GLO1 activity is required for osteoclastogenesis. (A–C) The knockdown of GLO1, but not of SCP2, fails to generate osteoclasts. (A) BMMs were transfected with siRNAs derived from mouse GLO1 and SCP2, or GFP, and then cultured in the presence of RANKL and M-CSF for 48 h. To confirm the depletion of these mRNAs, RT-PCR was performed. (B and C) BMMs were transfected with siRNAs derived from mouse GLO1 and SCP2, or GFP, and then cultured in the presence of RANKL and M-CSF for 72 h. Cells were fixed and stained for TRAP (C), and TRAP⁺ MNCs were counted (B). Data are shown as the mean ± SD (n = 5). *, P < 0.01 vs. GFP siRNA. (Scale bar, 500 μm.) (D and E) A known GLO1 inhibitor suppresses osteoclastogenesis. BMMs were treated with the indicated concentrations of BBGC in the presence of RANKL and M-CSF for 72 h. Then, cells were treated with FL-zymosan A and further stained for TRAP (E). TRAP⁺ MNCs were counted (D). Data are shown as the mean ± SD (n = 4). *, P < 0.01 vs. vehicle. (Scale bar, 150 μm.)

Fig. 4.

M-GFN inhibits GLO1 activity in a competitive manner. (A and B) Kinetic analysis of M-GFN against mouse His-GLO1. (A) Lineweaver–Burk plot of initial velocity vs. varying MG-SG concentrations. (B) Dixon plot of initial velocity vs. varying M-GFN concentrations. Data are shown as the mean ± SD (n = 3).

Fig. 5.

Cocrystal structure of GLO1 complexed with M-GFN. (A) Structure of M-GFN binding to the active site zinc ion of mouse GLO1. 2F_obs−F_calc electron density map contored at 1.0 sigma and overlaid on its structural model. Carbon atoms in one molecule of GLO1 dimer, the other molecule, and M-GFN are drawn in green, cyan, and orange, respectively. Gray sphere represents zinc ion. (B) Comparison of M-GFN/GLO1 complex and superimposed HIPC-GSH/GLO1 complex.

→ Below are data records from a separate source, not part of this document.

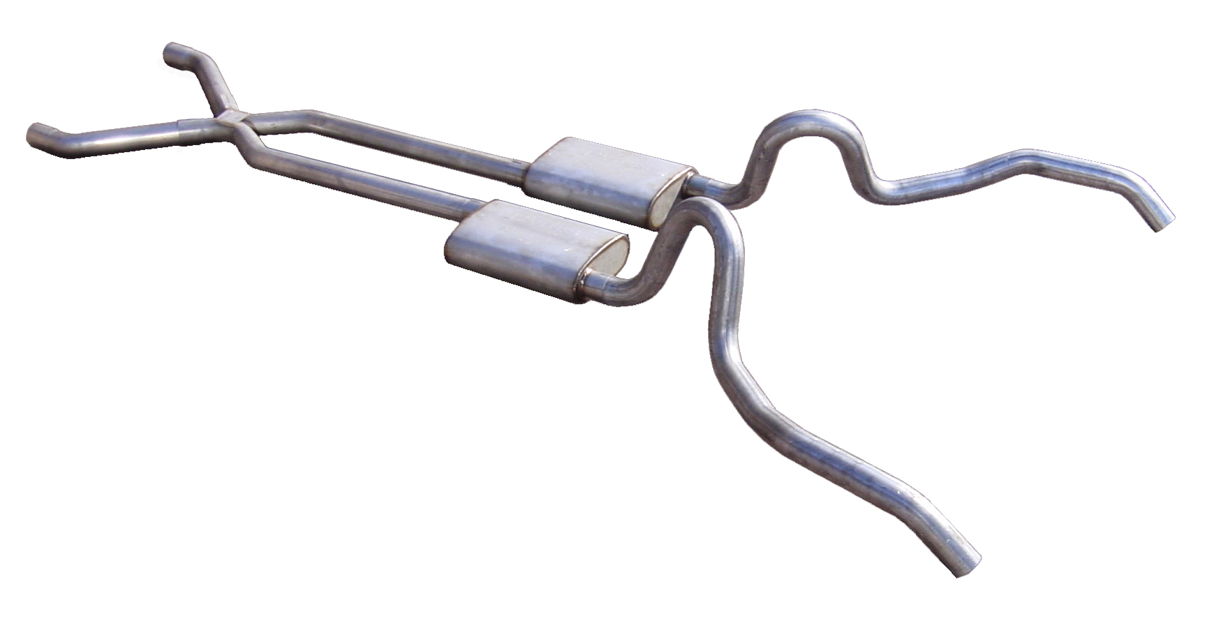 Crossmember Back w/X-Pipe Exhaust System 62-67 Nova Split Rear Dual Exit 2.5 in Intermediate And Tail Pipe Violator Mufflers/Hardware Incl Tip Not Incl Pypes Exhaust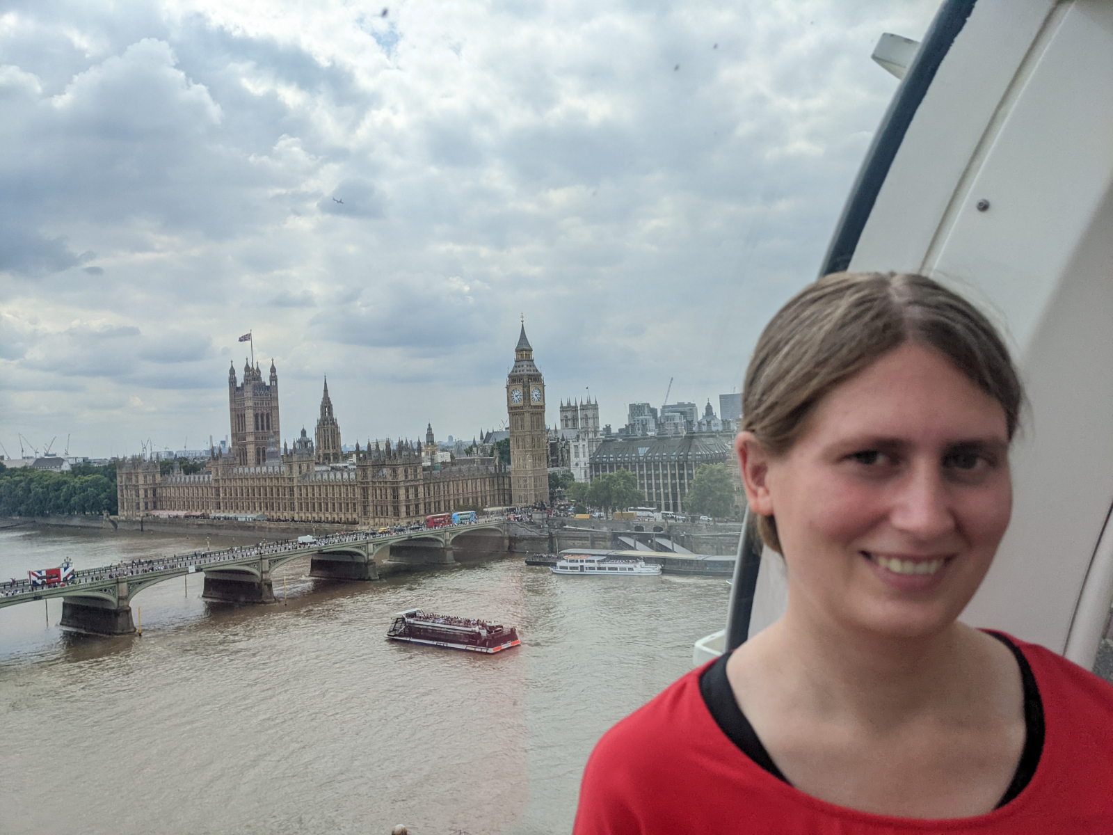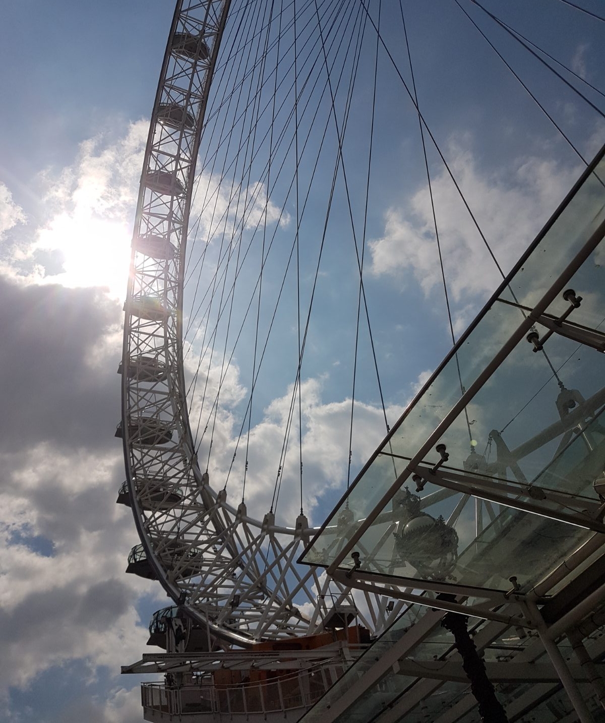 Dank des Staus kamen wir tatsächlich erst gegen kurz nach 13 Uhr an der Station „Waterloo“ an und sind dementsprechend direkt zum London Eye gegangen. „Endlich mal wieder Bewegung!“, jubelte die Fitnessuhr. 😂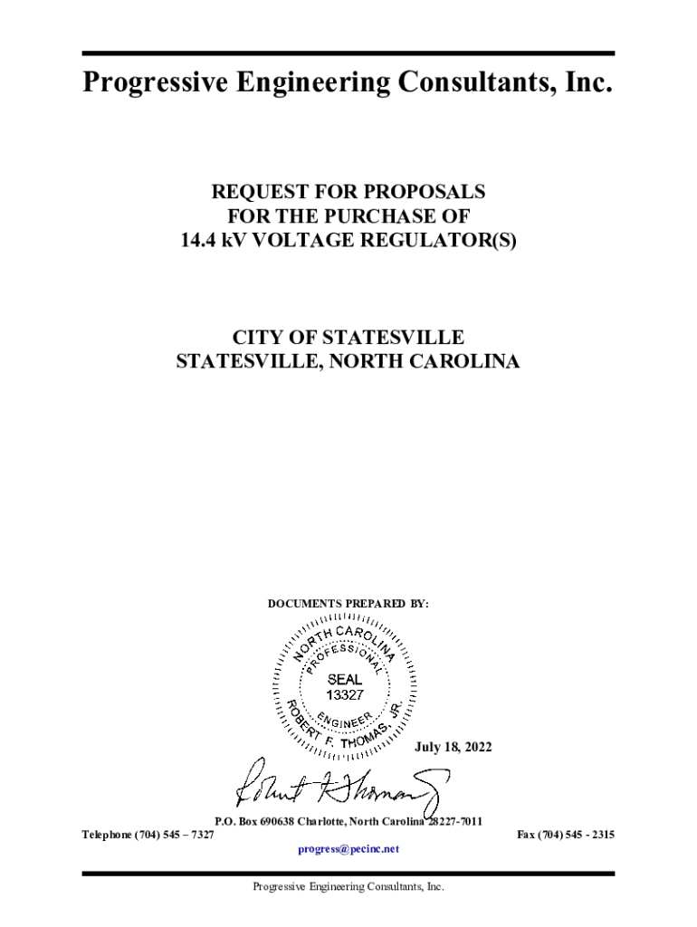 Progressive Engineering Consultants, Inc. REQUEST FOR PROPOSALS FOR THE PURCHASE OF 14.4 KV VOLTAGE REGULATOR(S)CITY OF BATESVILLE, NORTH CAROLINADOCUMENTS PREPARED BY:July 18, 2022P. O. Box 690638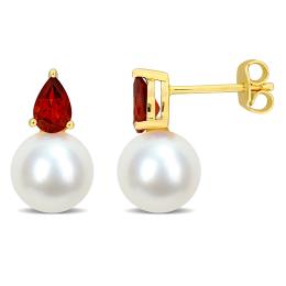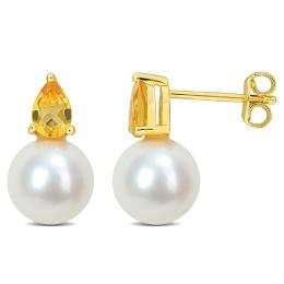 Julianna B Yellow Plated Sterling Silver Citrine 8.5-9MM Pearl Earrings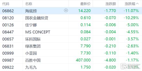 餐饮股跌幅居前,海底捞跌超11%,国农金融投资跌超10%,佳宁娜、绿茶集团、小菜园等跟跌。

M-GFN and HIPC-GSH molecules are shown as stick models in green and cyan, respectively. Carbon atoms of the protein (stick and ribbon model) and zinc ion in M-GFN/GLO1 model are drawn in yellow and dark gray, respectively, and those of HIPC-GSH/GLO1 are in gray. Oxygen, nitrogen, and sulfur atoms are drawn in red, blue, and gold, respectively, in both models. The half side of M-GFN partially overlaps the glycyl moiety of superimposed HIPC-GSH.